Branding, Marketing and The Semiotics of Safety
I was asked to meet with a ‘start up’ group last week and as part of the meeting I was proudly shown their ‘brand’. You should have seen their faces slump when they invited my comment and I told them it completely contradicted their message. One the most important things in messaging is maintaining congruence between the conscious and unconscious.
How strange this safety industry that seeks so much knowledge about legislation and regulation but hasn’t a clue about semiotics.

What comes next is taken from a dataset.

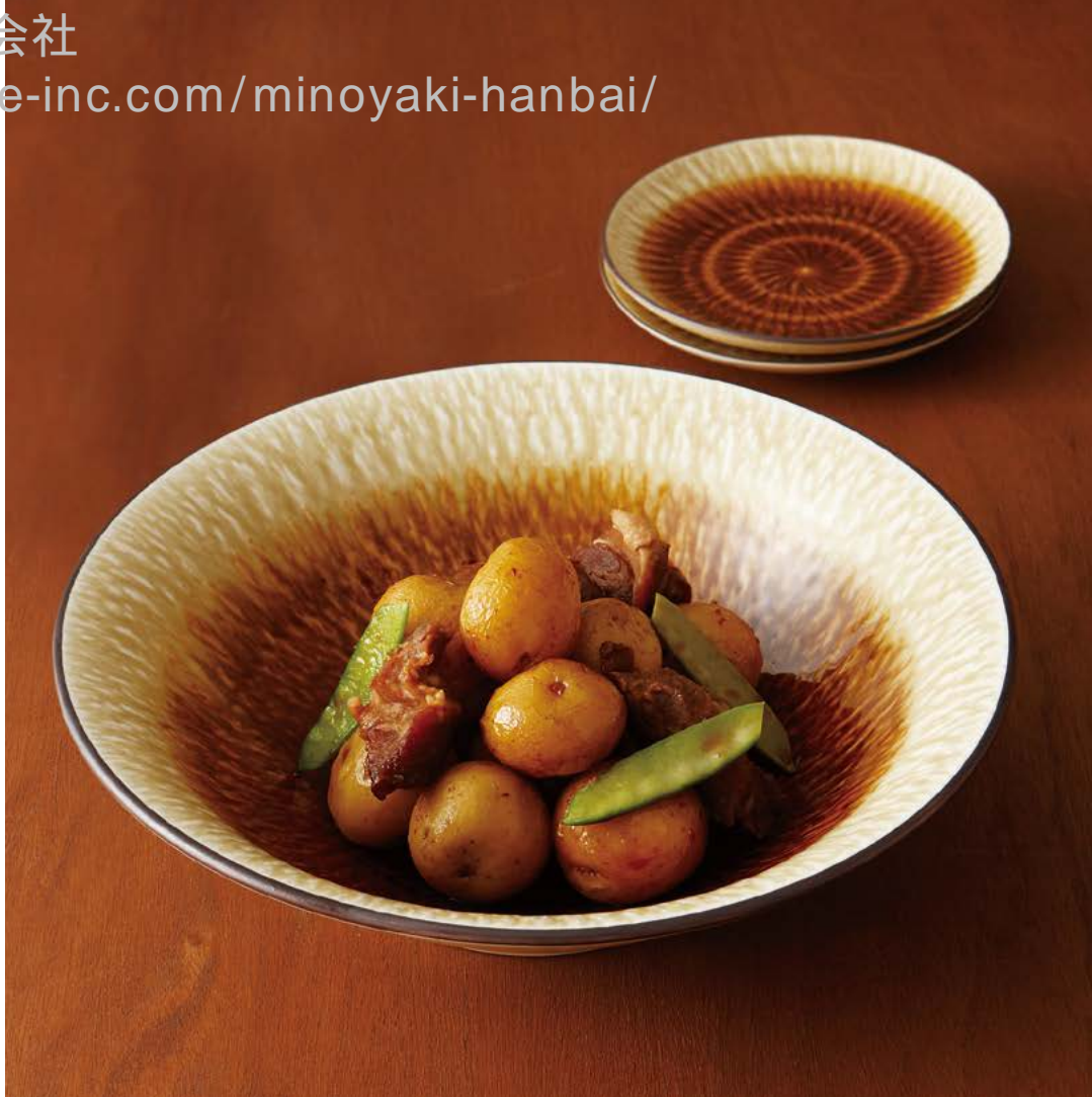
■水明かり 飴 4.5丸皿 ■水明かり 飴 8.5平鉢

What often results is the most absurd contradictions in messaging that obviously doesn’t know that the medium of the message is as important as the message itself (https://safetyrisk.net/the-medium-is-the-message/).
Good old Safety running around like a chook with its head cut off wondering why so many of its messaging strategies don’t work.
So, here is Safety with no expertise in Semiotics, metaphor and Iconography using pickles, heroes, meerkats, animated suicide characters, misogynist images and patriarchy (https://safetyrisk.net/meerkat-safety-can-it-get-more-dumb/ ) and then wondering why people think Safety is dumb.
What a strange industry that seeks to affect the everyday way people tackle risk and yet choosing images that completely alienate workers from this core message.
How strange to advocate for a rebranding of safety or safety differently, then using images, metaphor and semiotics that advocate for continued traditional safety or brutalism.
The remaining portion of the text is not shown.